Do you need have something special – to be able recognize that idea or creative thought that will change the world, or at least the way the world sees you?

Or do you just need to work on something every day?

That is what Mason Currey examines in his book Daily Rituals, which pulls together routines of 161 creative geniuses from household names like Picasso to less well known but prolific performance artists like Twyla Tharp.

Obviously, as Currey writes, there is no ONE way to work, but each genius has THEIR way.

There are, however, things they have in common.

The most important thing seems to be to show up each day. Charles Darwin, for example, had a routine that started at 8 in the morning with a work session and then followed the same pattern of work and rest for 40 years, more or less.

They didn’t work all the time though. Consistency was important, but three to four hours of creative effort at most a day seemed the norm.

Some had to work in cracks of time during the pressures of normal living. Toni Morrison rose every day at 5am so she could write before her 9-5 job while raising two sons as a single parent.

A balanced schedule was important. Many protected their time to create, but also spent time doing a variety of things, including spending time with friends and family.

It is easy to assume that older artists had more time to structure their days without the distractions of a modern, technological society.

But people haven’t changed all that much.
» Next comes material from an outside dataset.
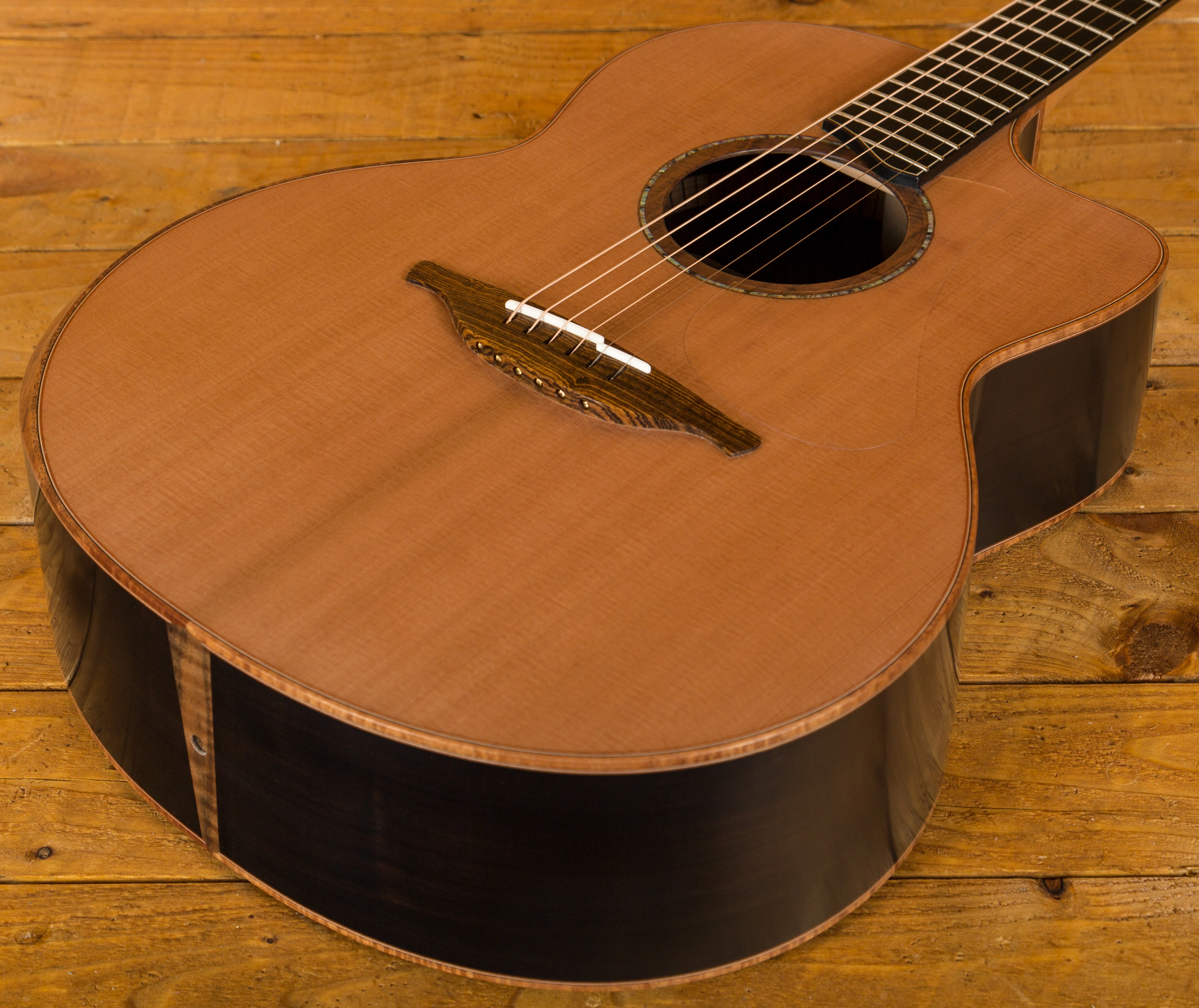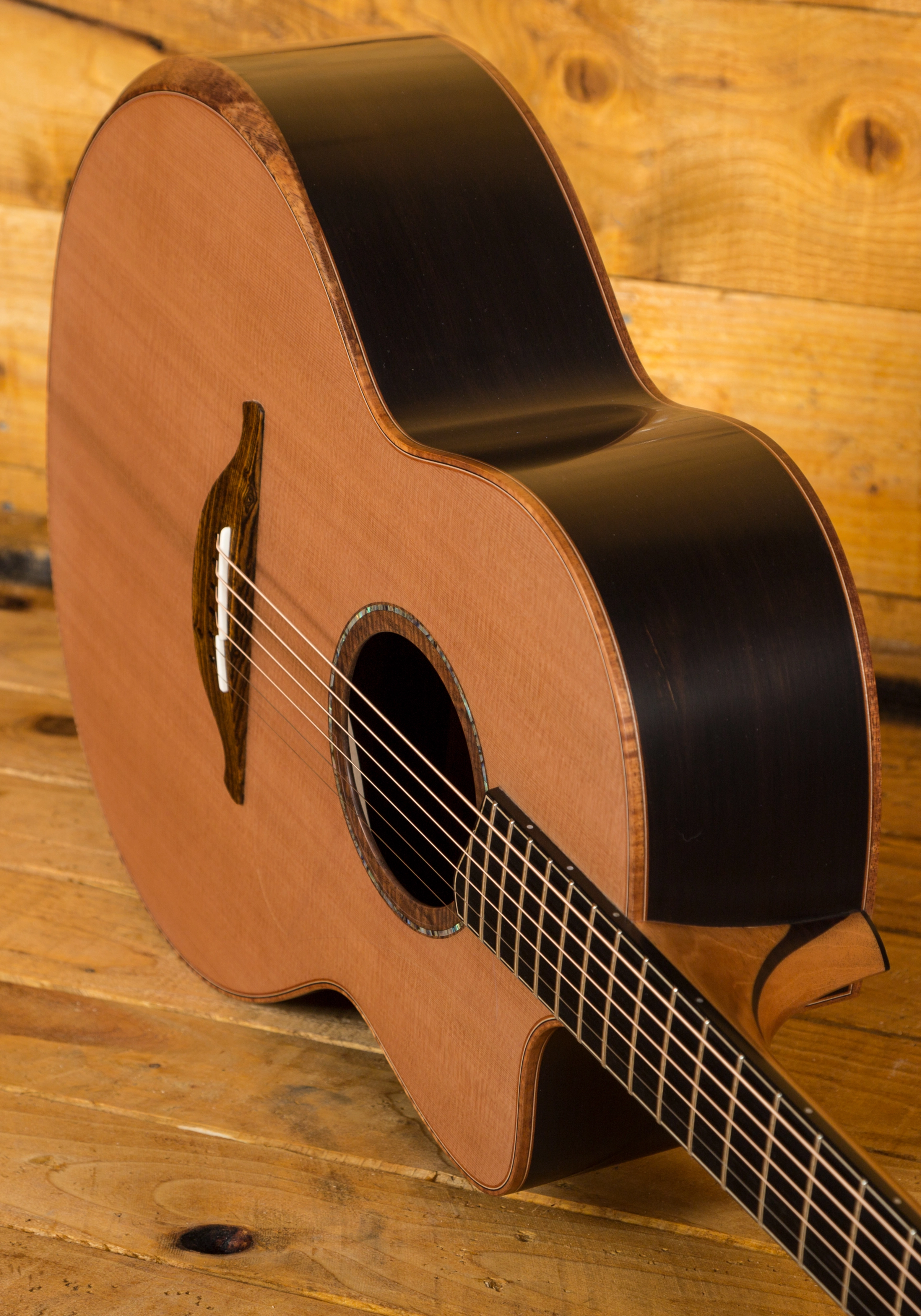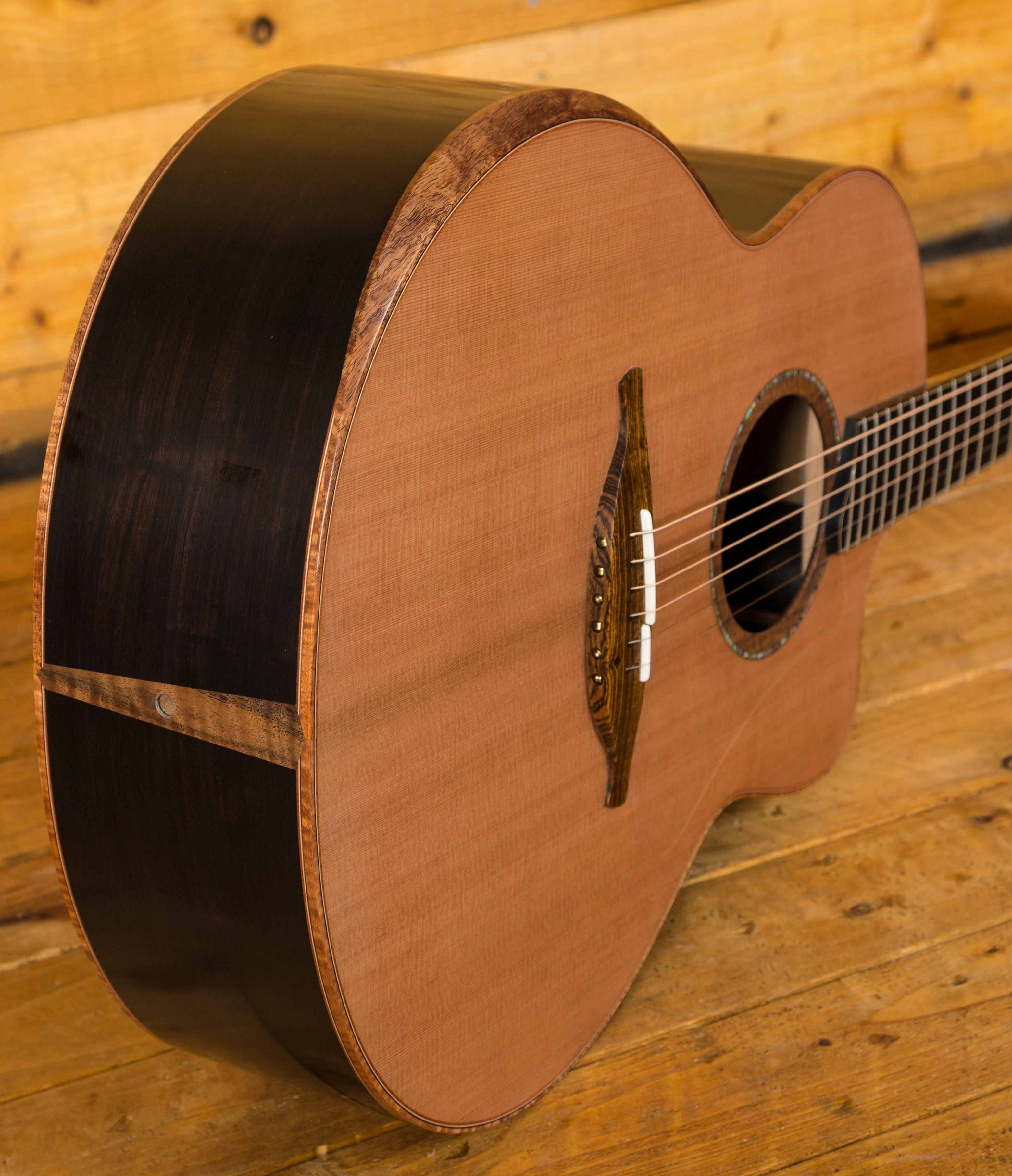 Another beautiful Lowden featuring mastergrade tonewoods, figured wood and abalone soundhole edge rosette. This one features a stunning all-solid combination of African Blackwood and Red Cedar.

In 1912, Kafka complained of the obstacles in his way that he had to contend with to get on with his work.

As Siobhan Phillips astutely observes in her review of the book, “good ideas or great art are the unpredictable outcomes of a predictable regimen.”

Ultimately, it seems that few people know they are geniuses while they are doing their work.

They spend their time in something that absorbs them and work hard on things that are new and challenging to them.

Eventually, they may be recognized for their genius. Or not, as the case may be.

They would still have spent their time well.